Since the goal is to get the closest segments, unsupervised learning is the best solution to go with. There are two models employed: K-Means and K-Prototypes to handle different types of data. To finish up, the clusters are visualized using T-SNE. This tool lets us visualize high-dimensional datasets. 

**Difference between K-Means & K-Prototypes**
It's a good question to ask about their differences. Both accomplish the same task to find clusters based on data similarity. The difference lies in their instantiations. K-Means tolerates only numeric values. It cannot work with categories. Since our dataset is highly categorical, it would be a waste of data not to include them. K-Prototype address the exact issue, it takes both categorical and numeric values to make decisions. 


---

### Results <a class="anchor" id="results"/>

---


##### K-Means

This method suggested dividing the data into 3-4 clusters. I decided to go with 3 clusters since they give a good data divsion. 

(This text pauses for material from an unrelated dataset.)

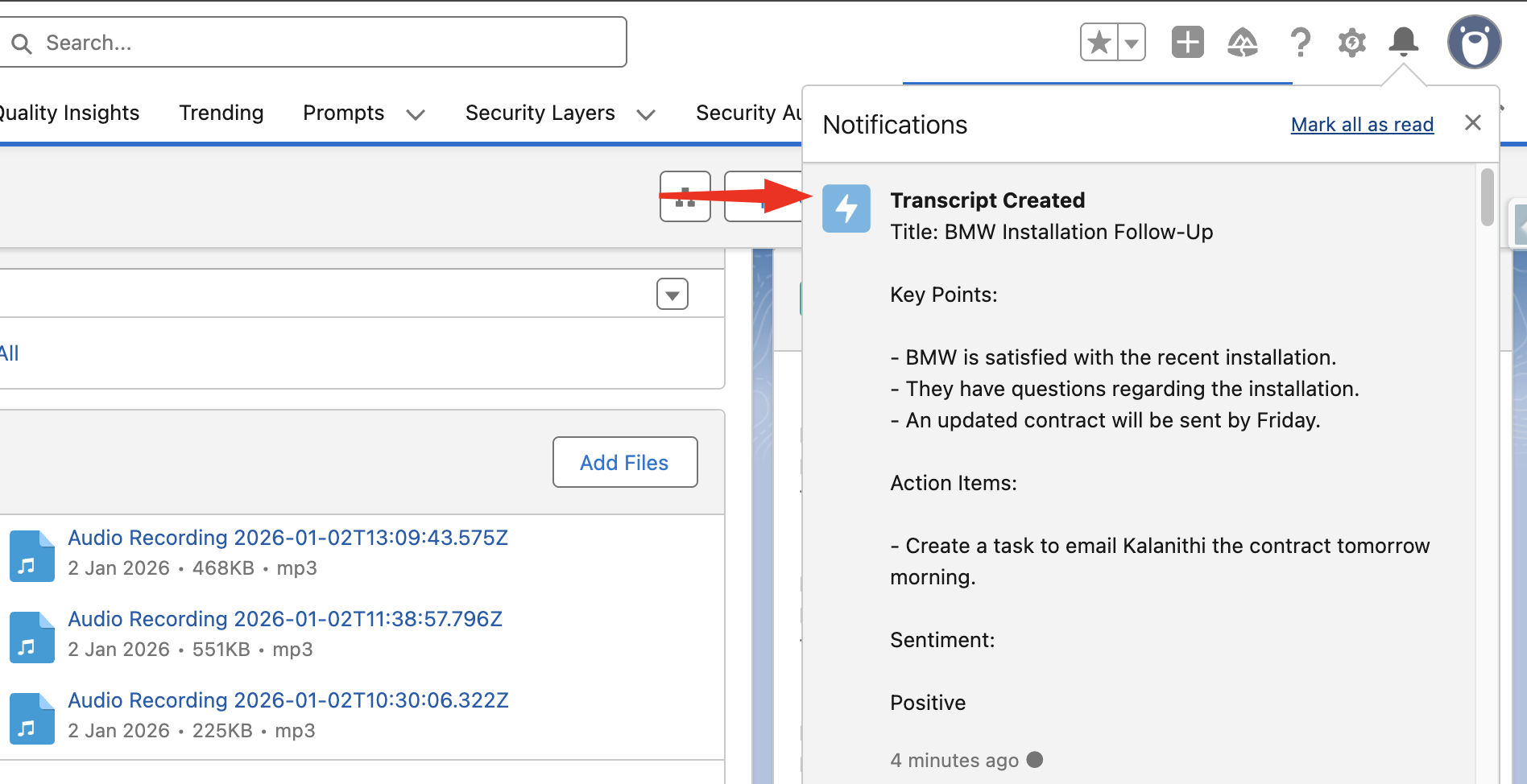 - Clicking the notification redirects the user to the Event Page on the record where the voice was recorded.

| Group | Rating | Review | Delivery | Dine-in & Takeout | # of shops |
| --- | --- | --- | --- | --- | --- |
| 0 | Low-Average (3.9-4.7) | Average (avg=372) | No | Yes | 95 |
| 1 | High (4.7-5) | Low (avg=116) | Uknown | Yes | 68 |
| 2 | Medium-High (4.0-4.9) | High (avg=1738) | True | Yes | 36 |

**Interpretation**: There are three main segments the business market can be divided into. The first group represents shops that don't have a delivery option. Those are the places where people come to relax and feel like at home. Maybe they're the ones where we can go for our next coffee-dates? These places have an OK rating and reviews, and they make up the majority of our dataset. 

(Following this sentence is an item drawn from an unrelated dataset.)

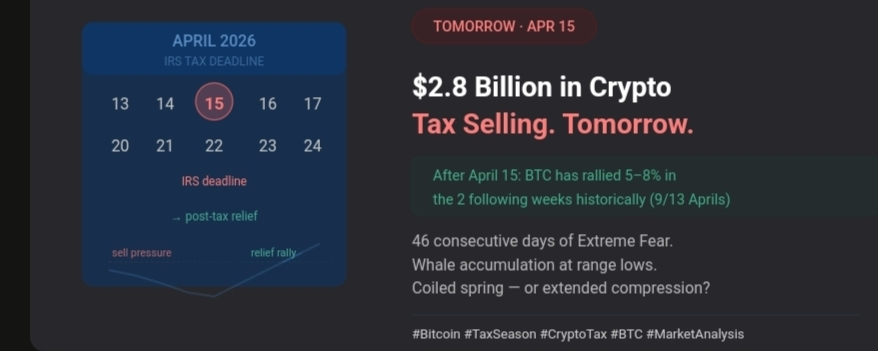So what's the actual setup? Tax selling is a known, temporary headwind. The moment it lifts on April 16, the market loses one of the more mechanical reasons people have been selling. If the Iran talks on April 15 also produce any positive signal — even a partial deal — you could see a fast move higher. There's $6 billion in short positions stacked between $72,200 and $73,500 waiting to be squeezed.If you're holding long-term, you probably already know what to do: nothing. Tax season selling is noise. If you've been waiting for an entry point, the next 48 hours might be one of the cleanest setups you'll see this month.Not financial advice. But the data is what it is.

The second cluster represent places with the best service based on their reviews. Even though there's not a big number of reviews, they're know how to serve customers. The only problem is that there was a big number of missing values in delivery option. Therefore, it's hard to say what other options the businesses provide. 

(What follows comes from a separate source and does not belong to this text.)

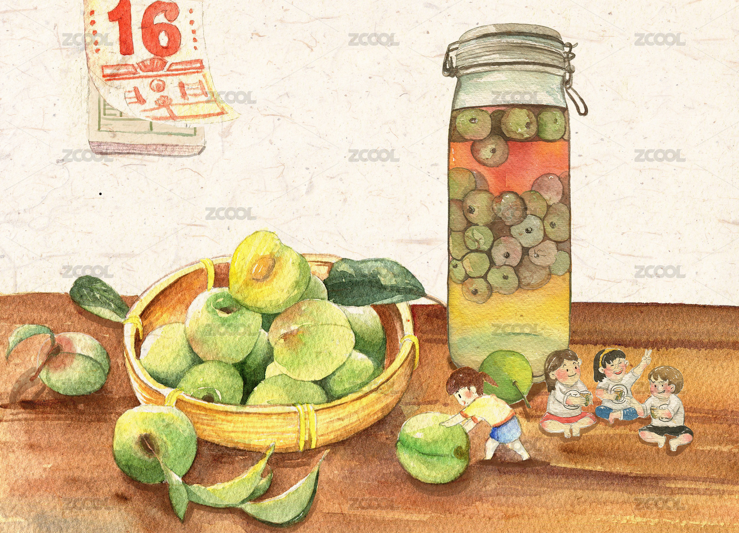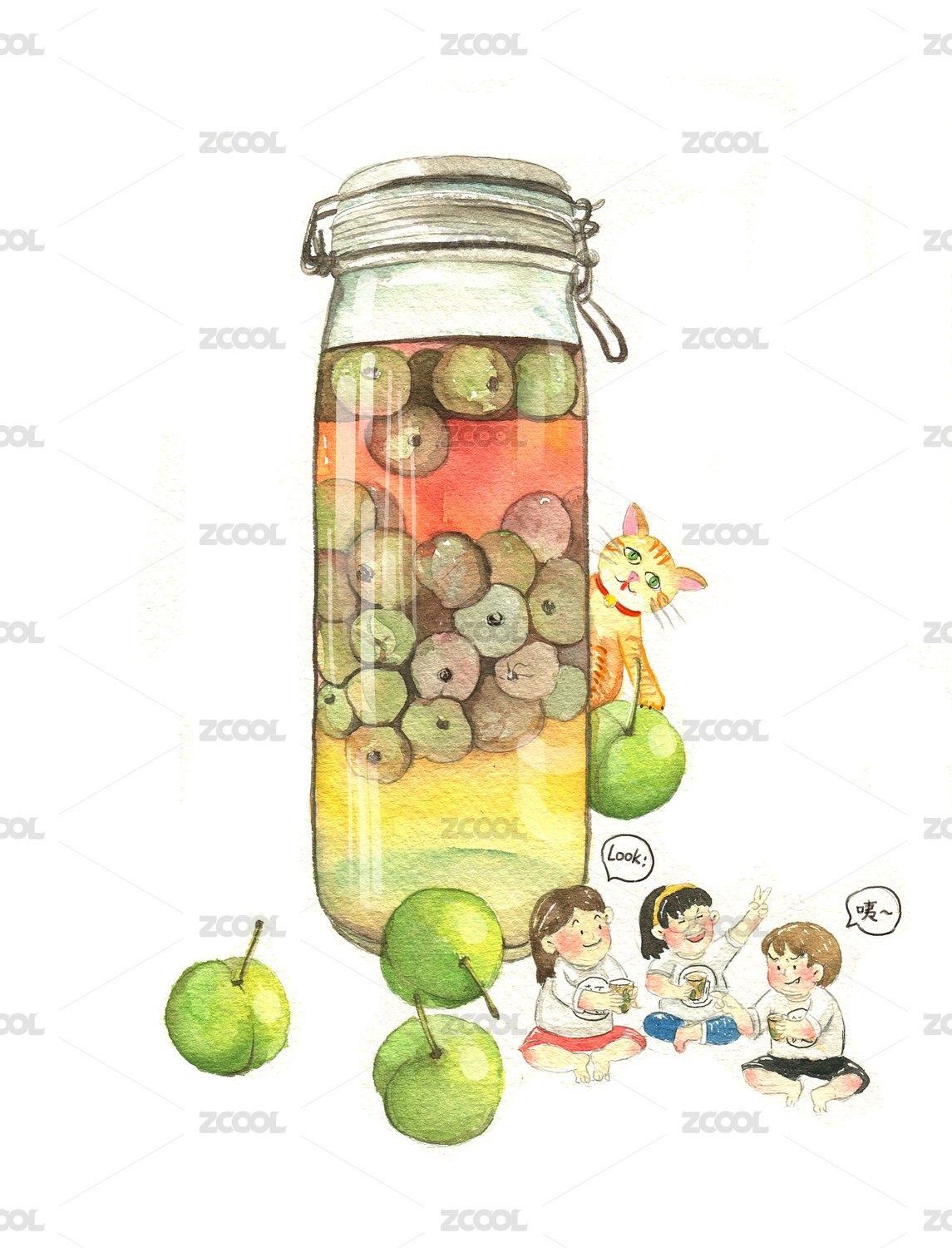 水彩食物之梅子酒青梅酒

The last cluster represents a busy lifestyle of the people in big cities. We need our coffe, and we need it now! This cluster has all the services available. It's not surprising that they have the biggest number of reviews, huh? 


##### K-Prototypes

This method suggested diving the data into 2 clusters:

| Group | Rating | Review | Delivery | Dine-in & Takeout | # of shops |
| --- | --- | --- | --- | --- | --- |
| 0 | Low-High | High (avg=1242) | Yes | Yes | 63 |
| 1 | Medium-High (4.3-5) | Low (avg=203) | False | Yes | 136 |

Essentially, both K-Means and K-Prototypes suggest taking shops with and without delivery options. The model implies that there's a big distinction between these group. It's true and it was found during the Exploratory Data Analysis step in [Question 3](#q3). 

---

### Final Recommendations <a class="anchor" id="recommend"/>

---

- Know your region

We saw previously in [Question 1](#q1) and [Question 2](#q2) that the regions have pretty unique trends. The biggest and smallest cities appreciate coffee shops, whereas medium ones like to sit-in and relax in an establishment. The biggest cities also provide a bigger number of #extravagant places like espresso bars. 

- Enable delivery

[Question 3](#q3) has revealed that places with delivery options have much bigger number of reviews. Therefore, it's safe to assume that more people order in such places. It makes sense, we don't always have the opportunity to go to a place and wait in line. Therefore, when considering to open a business, it's a good idea to have this option. 

- Gather more data

It's hard to make definite recommendations with only 200 data entries. Therefore, to make a more reliable analysis, we need to obtain a lot of data. 

##### References

[1] Ridder, M. (2022, February 23). *Coffee consumption worldwide from 2012/13 to 2020/21*. Statista. Available: <a href="https://www.statista.com/statistics/292595/global-coffee-consumption/#:~:text=Global%20coffee%20consumption%202012%2F13%2D2020%2F21&text=In%202020%2F2021%2C%20around%20166.63,bags%20in%20the%20previous%20year">here</a> <br>
[2] Huang, Z. (1998). Extensions to the k-means algorithm for clustering large data sets with categorical values. *Data mining and knowledge discovery*, 2(3), 283-304.